▶ **Activity**: Give back the data in full. Leave nothing out.

BEGIN Recorded information

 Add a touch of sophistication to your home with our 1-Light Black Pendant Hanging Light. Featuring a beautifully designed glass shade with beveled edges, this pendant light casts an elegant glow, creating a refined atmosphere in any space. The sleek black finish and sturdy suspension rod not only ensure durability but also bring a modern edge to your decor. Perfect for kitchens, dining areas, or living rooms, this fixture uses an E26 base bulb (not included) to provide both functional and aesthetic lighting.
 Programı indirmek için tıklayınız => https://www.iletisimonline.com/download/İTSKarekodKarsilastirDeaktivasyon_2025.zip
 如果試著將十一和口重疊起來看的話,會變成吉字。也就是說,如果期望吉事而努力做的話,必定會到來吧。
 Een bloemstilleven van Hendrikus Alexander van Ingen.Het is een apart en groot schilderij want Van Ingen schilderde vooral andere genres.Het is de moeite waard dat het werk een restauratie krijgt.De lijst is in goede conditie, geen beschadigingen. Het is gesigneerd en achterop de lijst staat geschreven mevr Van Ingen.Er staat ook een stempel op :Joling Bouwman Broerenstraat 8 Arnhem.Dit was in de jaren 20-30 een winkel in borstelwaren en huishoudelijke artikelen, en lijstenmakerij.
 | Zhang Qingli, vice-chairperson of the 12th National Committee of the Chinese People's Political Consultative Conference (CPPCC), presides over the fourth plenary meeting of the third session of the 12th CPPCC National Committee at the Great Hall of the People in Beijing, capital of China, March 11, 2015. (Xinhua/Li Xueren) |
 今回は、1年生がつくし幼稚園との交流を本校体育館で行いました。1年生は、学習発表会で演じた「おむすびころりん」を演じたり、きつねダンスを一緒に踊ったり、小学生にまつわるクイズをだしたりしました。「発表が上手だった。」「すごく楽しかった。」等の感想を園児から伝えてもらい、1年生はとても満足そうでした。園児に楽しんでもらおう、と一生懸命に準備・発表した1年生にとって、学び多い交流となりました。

END Recorded information

▶ **Solution for this problem**:
 Add a touch of sophistication to your home with our 1-Light Black Pendant Hanging Light. Featuring a beautifully designed glass shade with beveled edges, this pendant light casts an elegant glow, creating a refined atmosphere in any space. The sleek black finish and sturdy suspension rod not only ensure durability but also bring a modern edge to your decor. Perfect for kitchens, dining areas, or living rooms, this fixture uses an E26 base bulb (not included) to provide both functional and aesthetic lighting.
 Programı indirmek için tıklayınız => https://www.iletisimonline.com/download/İTSKarekodKarsilastirDeaktivasyon_2025.zip
 如果試著將十一和口重疊起來看的話,會變成吉字。也就是說,如果期望吉事而努力做的話,必定會到來吧。
 Een bloemstilleven van Hendrikus Alexander van Ingen.Het is een apart en groot schilderij want Van Ingen schilderde vooral andere genres.Het is de moeite waard dat het werk een restauratie krijgt.De lijst is in goede conditie, geen beschadigingen. Het is gesigneerd en achterop de lijst staat geschreven mevr Van Ingen.Er staat ook een stempel op :Joling Bouwman Broerenstraat 8 Arnhem.Dit was in de jaren 20-30 een winkel in borstelwaren en huishoudelijke artikelen, en lijstenmakerij.
 | Zhang Qingli, vice-chairperson of the 12th National Committee of the Chinese People's Political Consultative Conference (CPPCC), presides over the fourth plenary meeting of the third session of the 12th CPPCC National Committee at the Great Hall of the People in Beijing, capital of China, March 11, 2015. (Xinhua/Li Xueren) |
 今回は、1年生がつくし幼稚園との交流を本校体育館で行いました。1年生は、学習発表会で演じた「おむすびころりん」を演じたり、きつねダンスを一緒に踊ったり、小学生にまつわるクイズをだしたりしました。「発表が上手だった。」「すごく楽しかった。」等の感想を園児から伝えてもらい、1年生はとても満足そうでした。園児に楽しんでもらおう、と一生懸命に準備・発表した1年生にとって、学び多い交流となりました。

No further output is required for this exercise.